Honeybees (Apis mellifera) have remarkable visual learning and discrimination abilities that extend beyond learning simple colours, shapes or patterns. They can discriminate landscape scenes, types of flowers, and even human faces. This suggests that in spite of their small brain, honeybees have a highly developed capacity for processing complex visual information, comparable in many respects to vertebrates. Here, we investigated whether this capacity extends to complex images that humans distinguish on the basis of artistic style: Impressionist paintings by Monet and Cubist paintings by Picasso. We show that honeybees learned to simultaneously discriminate between five different Monet and Picasso paintings, and that they do not rely on luminance, colour, or spatial frequency information for discrimination. When presented with novel paintings of the same style, the bees even demonstrated some ability to generalize. This suggests that honeybees are able to discriminate Monet paintings from Picasso ones by extracting and learning the characteristic visual information inherent in each painting style. Our study further suggests that discrimination of artistic styles is not a higher cognitive function that is unique to humans, but simply due to the capacity of animals—from insects to humans—to extract and categorize the visual characteristics of complex images.

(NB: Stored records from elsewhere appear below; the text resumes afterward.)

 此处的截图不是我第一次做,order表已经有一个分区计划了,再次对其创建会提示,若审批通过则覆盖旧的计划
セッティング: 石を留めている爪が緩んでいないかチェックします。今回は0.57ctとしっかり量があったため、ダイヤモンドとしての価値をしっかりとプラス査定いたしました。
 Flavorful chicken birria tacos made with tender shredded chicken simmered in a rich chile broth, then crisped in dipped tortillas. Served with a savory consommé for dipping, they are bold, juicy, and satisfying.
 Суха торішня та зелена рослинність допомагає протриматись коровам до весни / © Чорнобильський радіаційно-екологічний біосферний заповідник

The full paper is available here. 

The Queen Bee

“The Queen Bee” is a German fairy tale, tale number 62 from over 200 collected by the Brothers Grimm. It represents a type 554 ‘the grateful animals’ motif according to the Aarne-Thompson classification system of folktales.

“Two sons of a king went out to seek their fortunes, but fell into disorderly ways. The third and youngest son, Simpleton, went out to find them, but they mocked him. They traveled on, and Simpleton prevented his brothers from destroying an ant hill, killing some ducks, and suffocating a bee hive with smoke. Then they came to a castle with stone horses in the stable, and no sign of anyone. They hunted through the castle and found a room with a little gray man, who showed them to dinner. In the morning, he showed the oldest son a stone table, on which were written three tasks. Whoever performed them would free the castle.

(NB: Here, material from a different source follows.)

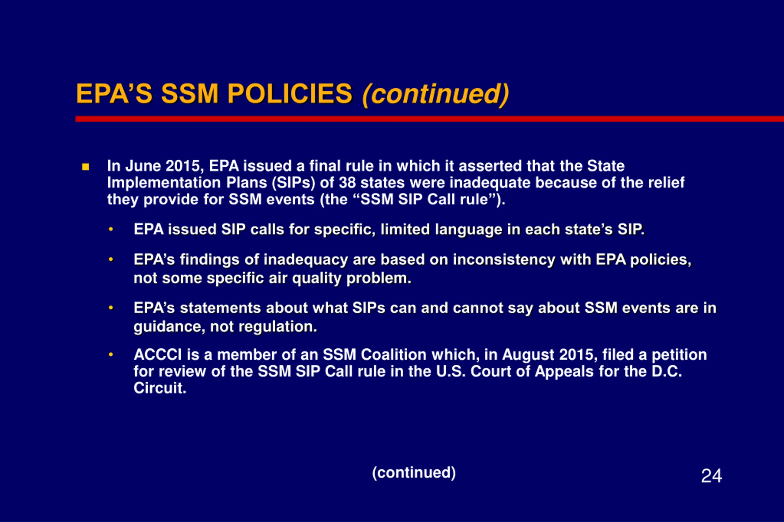 EPAS SSM POLICIES (continued) In June 2015, EPA issued a final rule in which it asserted that the State Implementation Plans (SIPs) of 38 states were inadequate because of the relief they provide for SSM events (the SSM SIP Call rule ). EPA issued SIP calls for specific, limited language in each state s SIP. EPA s findings of inadequacy are based on inconsistency with EPA policies, not some specific air quality problem. EPA s statements about what SIPs can and cannot say about SSM events are in guidance, not regulation. ACCCI is a member of an SSM Coalition which, in August 2015, filed a petition for review of the SSM SIP Call rule in the U.S. Court of Appeals for the D.C. Circuit. (continued) 24

“The first task was to collect the princess’s thousand pearls, scattered in the woods. Whoever tried and failed would be turned to stone. Each of the older brothers tried and failed, and they were turned to stone. For the youngest, however, the ants collected the pearls. The second task was to fetch the key to the princess’s bedchamber from the lake, which the ducks did for him. The third task was to pick out the youngest princess from the three sleeping princesses who looked exactly alike; the only difference was that the oldest had eaten a bit of sugar before they slept, the second a little syrup, and the youngest some honey. The queen bee picked out the youngest.

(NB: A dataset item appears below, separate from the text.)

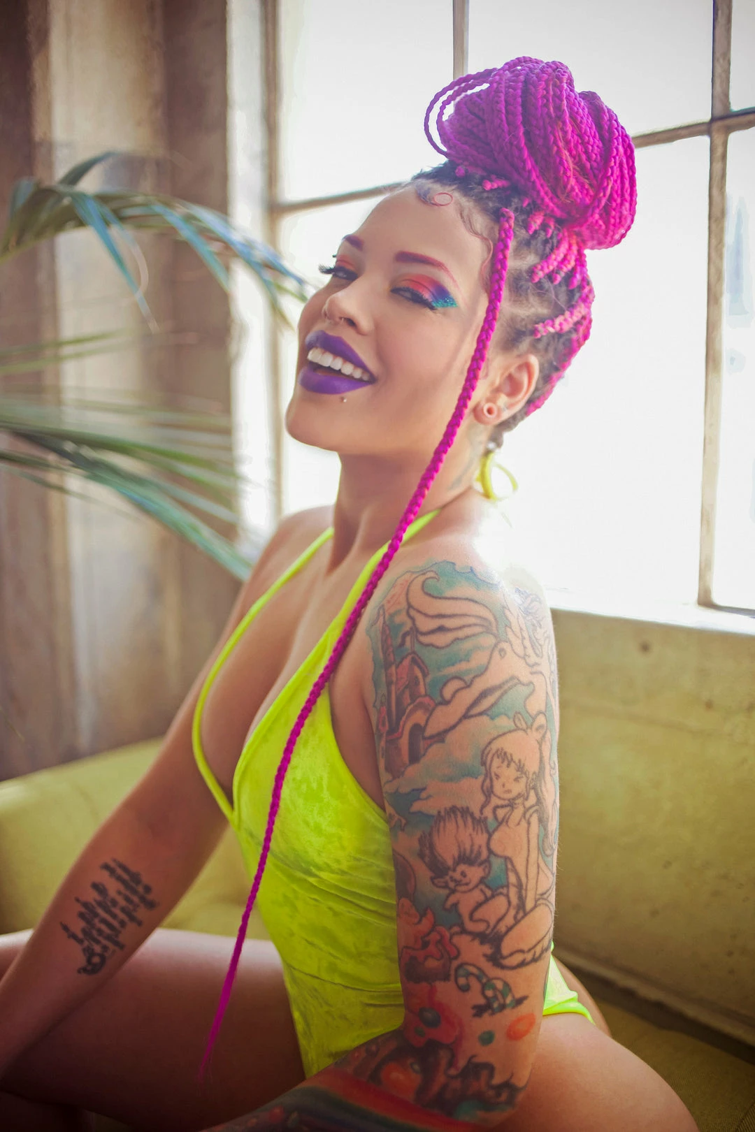 Our popular bodysuit got a make-over! Now in NEONS!! It has a new cut with a little lower in the back and higher cut on the sides showing a little more thigh. The bottom is cut with a thong back. Made out of stretch crushed velvet.

“This woke the castle, and restored those who had been turned to stone. The youngest son married the youngest princess, and his two brothers, the other princesses.”

 

Hum Hum Hum …

Beekeeper on an old German stained glass painting. Underneath the refrain of a children's song by Hoffmann von Fallersleben
Beekeeper on an old German stained glass painting. Underneath the refrain of a children’s song by Hoffmann von Fallersleben

“Hum, hum, hum” is one of Germany’s most popular children’s songs. August Heinrich Hoffmann von Fallersleben wrote the text in 1835 under the original title ‘Bee’. It was first published in 1843.

The text is based on the Lorsch Bee Blessing from the 10th century. The melody of the song follows a folk tune from Bohemia, recorded for the first time in 1825. The American composer Otto Dresel (1826-1890) composed a version in 1847 for vocal duet and piano.